3月20日〜4月5日に開催されている陶芸家・志村正之さんの『ハルヲヨブ2020』という作陶展をのぞくため、5年ぶりに松田の山の上にある時光窯を訪れた。桜の花の下、富士山をのぞむ工房のまわりには、登り窯で焼いた大小さまざまな埴輪がずらり。

入口の斜面で、小屋の前で、裏山で、のんびりと暮らしているかのような埴輪たち。5年前には誰もいなかった、ような気がする。いや、こんなに素敵な埴輪ワールドを目にしていたら、いくら記憶力が弱いぼくでも、忘れていないはずだ。



埴輪と向き合い、あなたはずいぶん口を開けていますね、あなたは腰のねじれ方が素晴らしいな、あなたは目がとっても涼やかだ、なんてひとつひとつ見はじめると、止まらなくなる。そうこうしているうちに、たまらなく好きな表情とボディラインをした埴輪と出会ってしまった。ほかのどの埴輪よりも澄みきった美しい声で歌っているように見えた。ヒトメボレ。連れ帰って、うちの庭で暮らしてもらいたかった。


しかし、ぼくたちが結ばれることはなかった。残念ながら、ここにある埴輪はごく小さいものを除いて、売り物ではないのだ。

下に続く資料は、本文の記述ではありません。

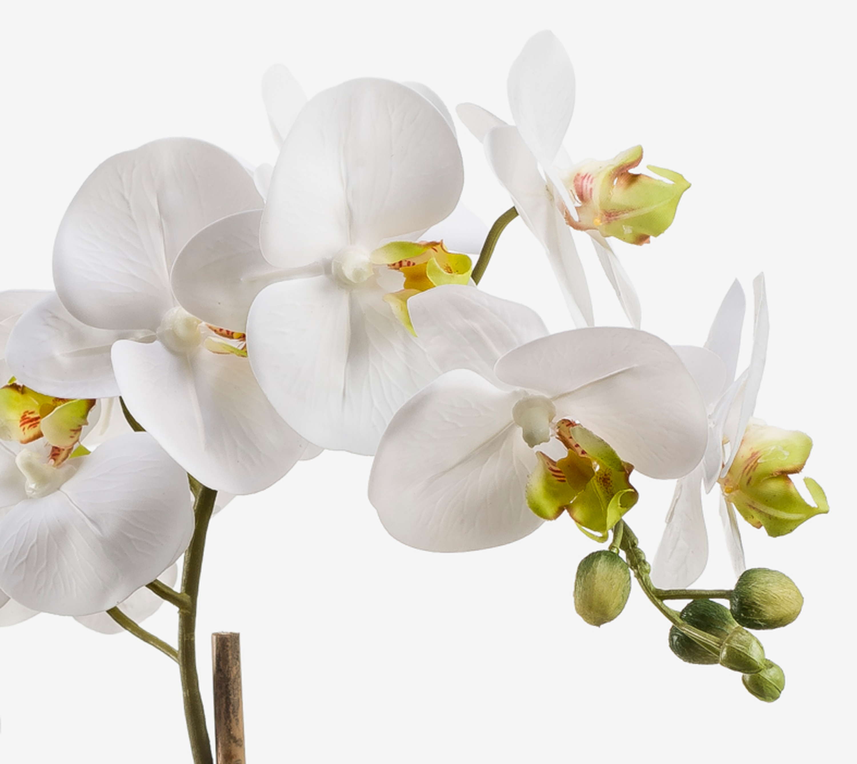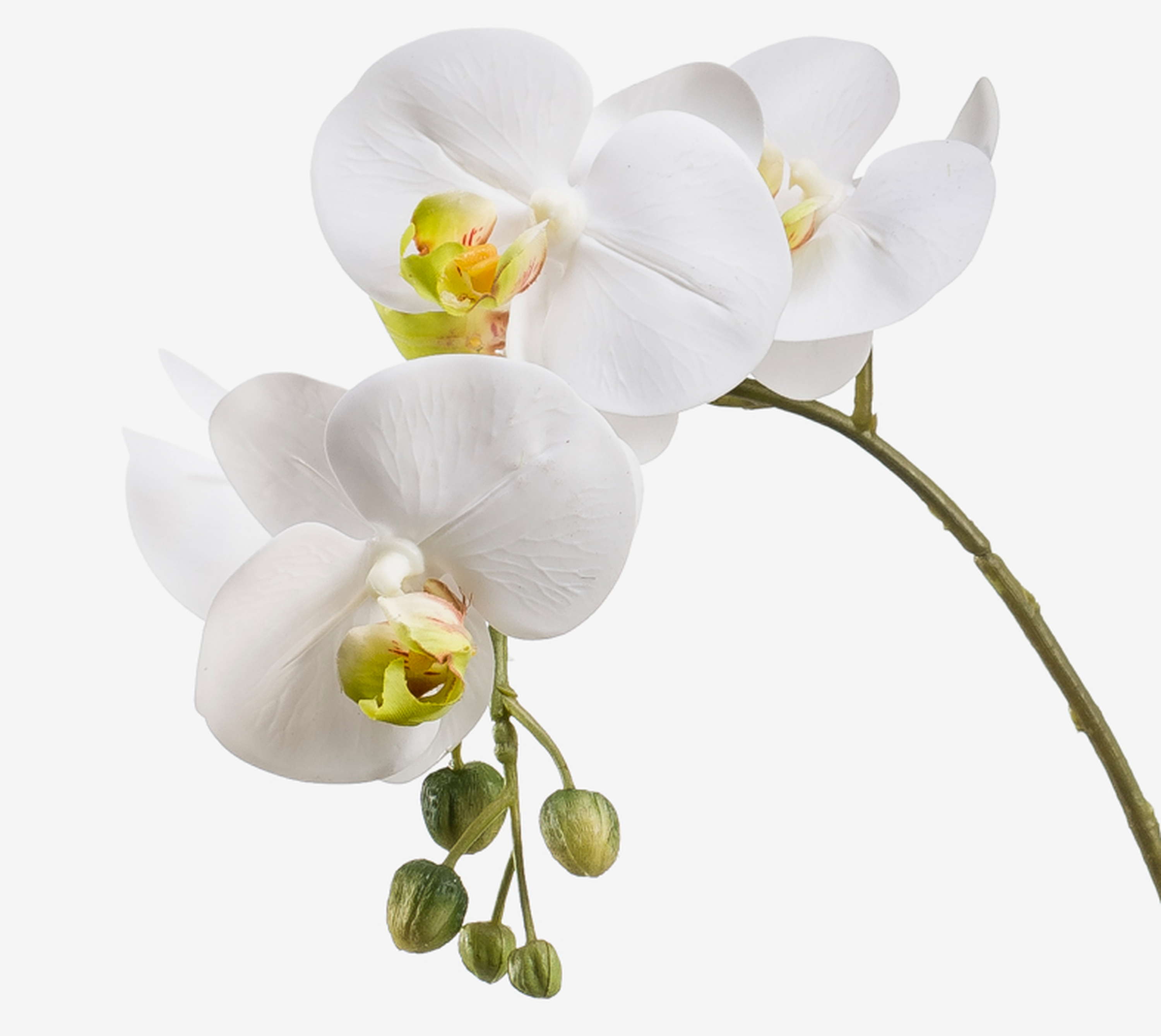 Diese künstliche Phalaenopsis Orchidee CANDIDA mit zwei Blütenrispen in weißgrüner Farbe ist eine geschmackvolle Ergänzung zu ihrer Einrichtung im Wohnzimmer, Schlafzimmer oder Esszimmer.

志村さんはこれから何十年もかけて1000体の埴輪をつくり、それを野山に並べた風景を見てみたい、という。いまは、まだ200体くらいで、年一度、10〜11月ごろに窯を焚くとか。ならば毎年、桜が咲くころに、あのヒトメボレ埴輪と、その新しい仲間たちに、会いに来ようと決めた。